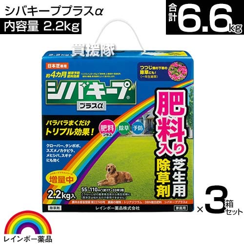 他の画像を見る 【送料無料】レインボー薬品 シバキーププラスα レインボー薬品 シバキーププラスα 2.2kg×6箱セット 買援隊 特別価格 ¥ 15,400 税込 カートに入れる お気に入りに登録する
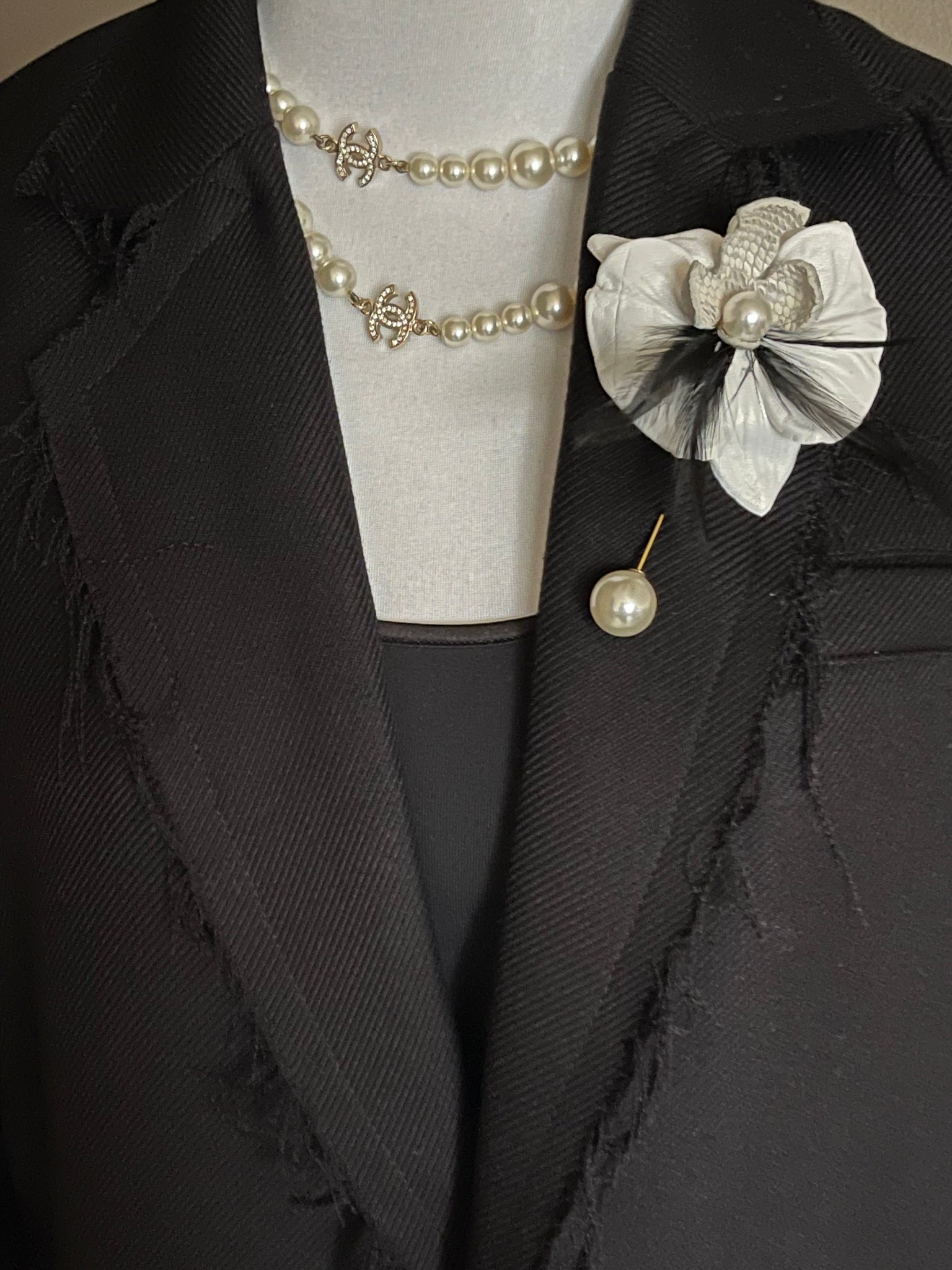 Finished with a sleek pin and pearl clasp, this piece is both poetic and wearable.
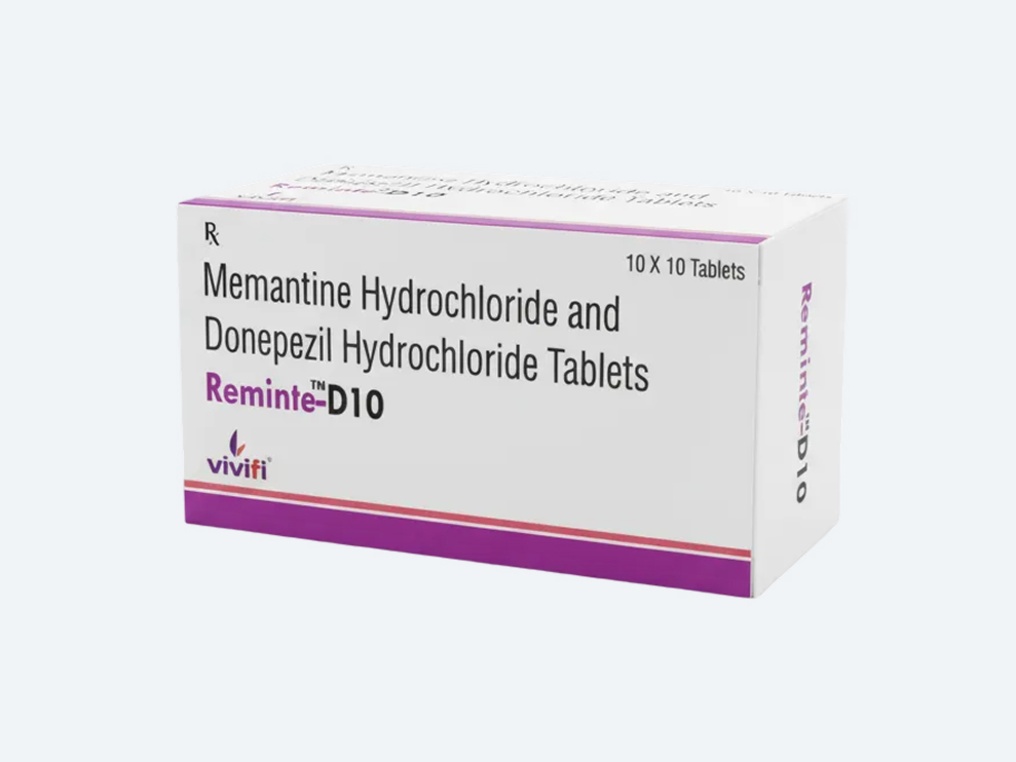 Reminte-D10 Tablet is a medicine used in the treatment of Alzheimer's disease. It helps to slow down the progression of moderate to severe Alzheimer's disease by improving memory and thinking. This medicine works by blocking a chemical messenger involved in the transmission of nerve signals.
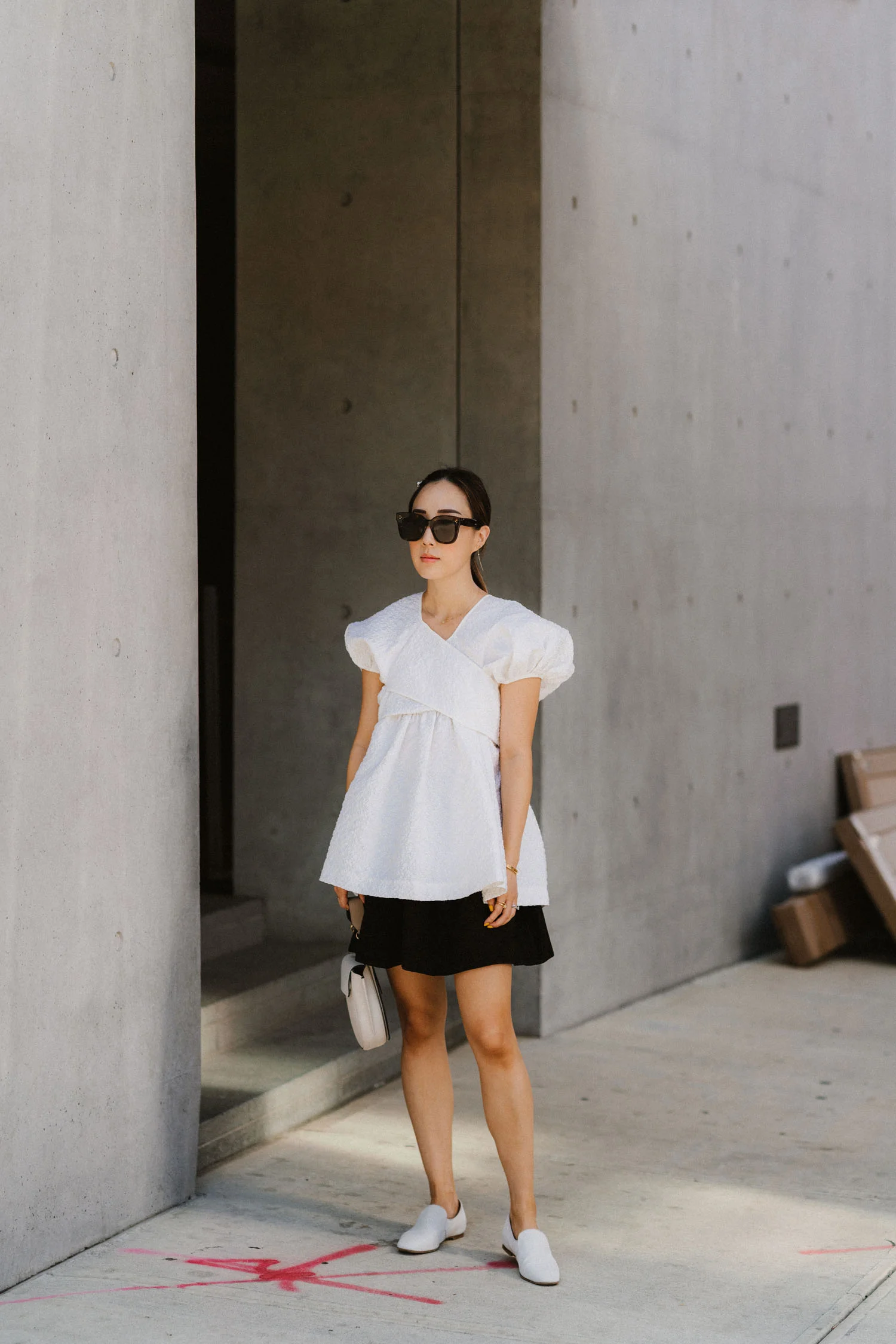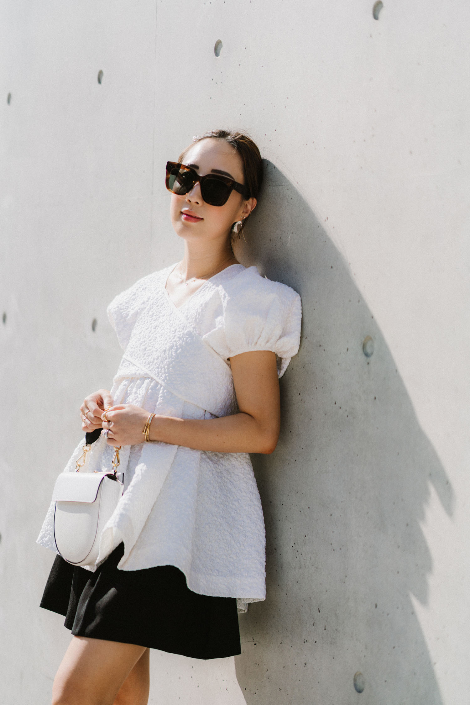 Tara Jarmon Top, RSVP Bag, CHANEL Shoes, Celine Sunglasses
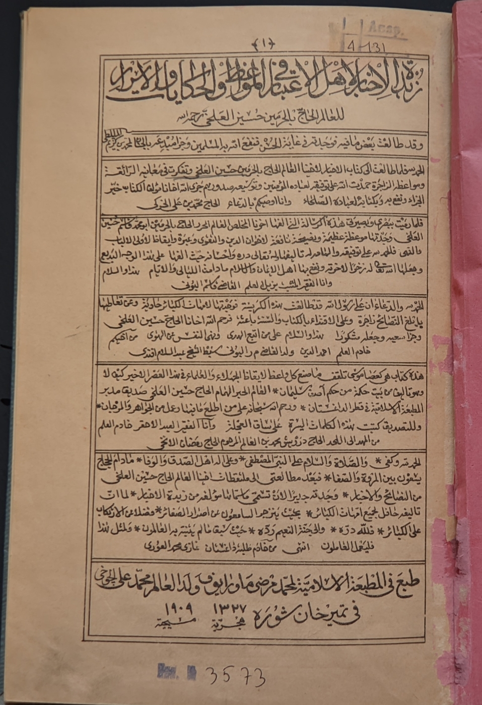 Анхар ал- ахзан / [пер. Сираджаддин, сын Хусейна ал-Убуди ал-Кумрави, Абу Мухаммад Касим из сел. Ашильта. Абу Мухаммад Касим из сел. Алак]. — Темир-Хан-Шура: Паровая типо-лит. М. Мавраева, 1909. — 56 с.; 27 х 18,5 х 0,8 см.
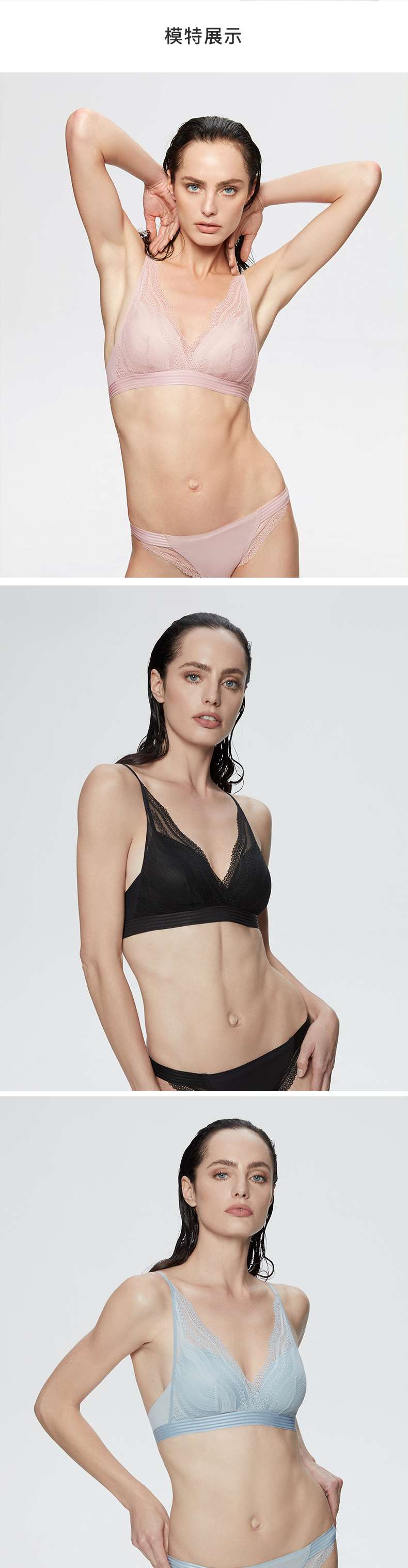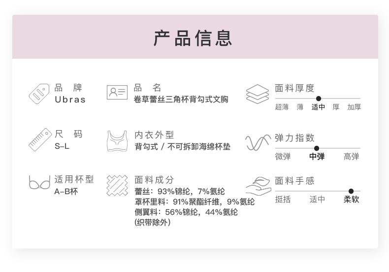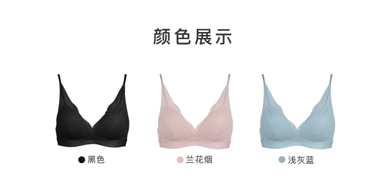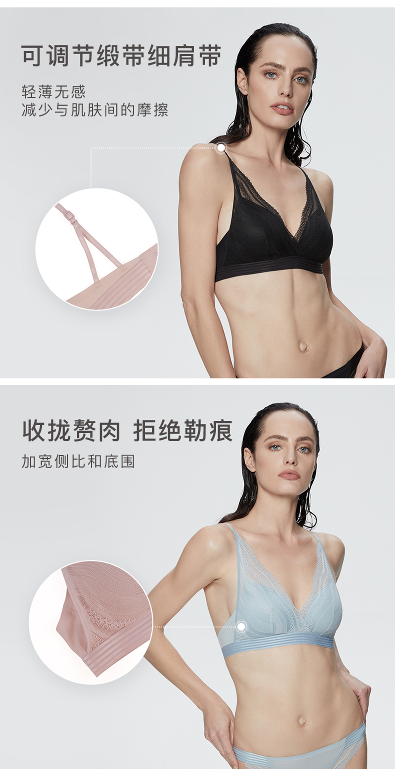 Ubras卷草纹蕾丝三角杯文胸无钢圈内衣 女 性感透气女士胸罩
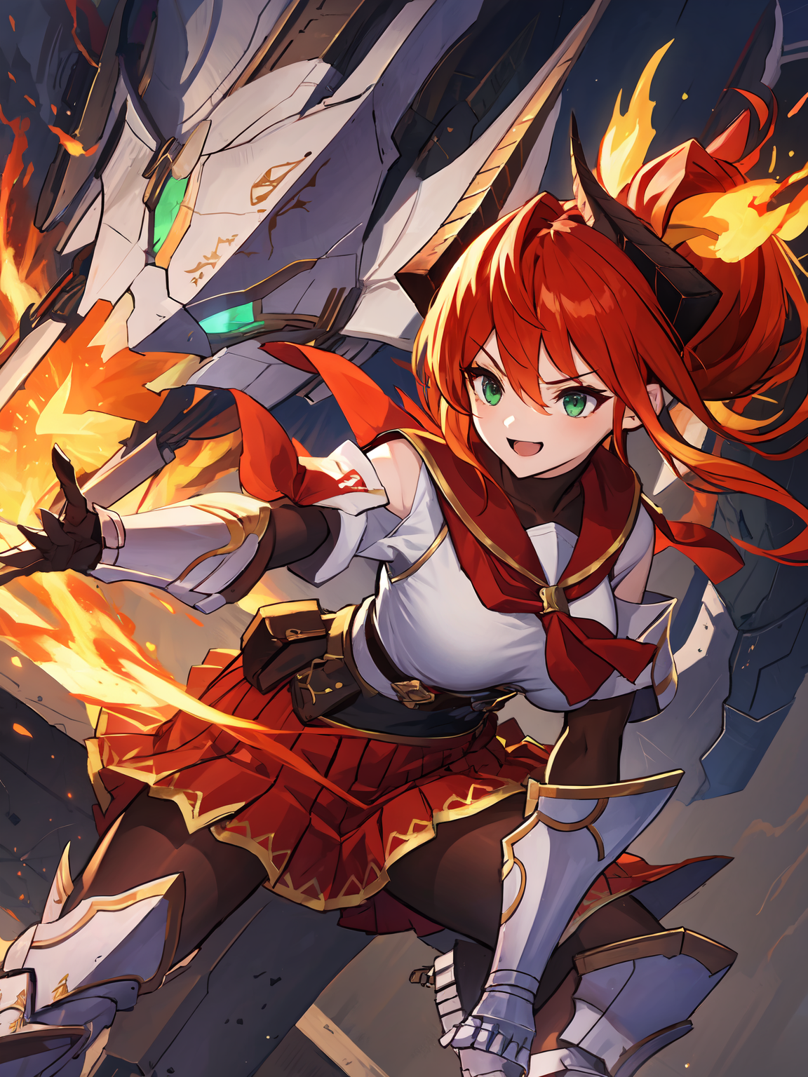 基础:红发,马尾,绿眼,发饰(角),(黄色)发带,(饰品),水手服,水手领,蝴蝶结(领带),白衬衫,肩部/服装镂空,手套/护臂,腰带,口袋/包,(红色)百褶裙,黑色连裤袜,(装甲靴)

■ PROBLEM STATEMENT
Your reply must hold only the lines from the line containing "Ubras卷草纹蕾丝三角杯文胸无钢圈内衣 女 性感透气女士胸罩" through the end of the records above, written out exactly, both ends included, with no pictures, please.

■ RESPONSE TO THIS TASK
 Ubras卷草纹蕾丝三角杯文胸无钢圈内衣 女 性感透气女士胸罩
 基础:红发,马尾,绿眼,发饰(角),(黄色)发带,(饰品),水手服,水手领,蝴蝶结(领带),白衬衫,肩部/服装镂空,手套/护臂,腰带,口袋/包,(红色)百褶裙,黑色连裤袜,(装甲靴)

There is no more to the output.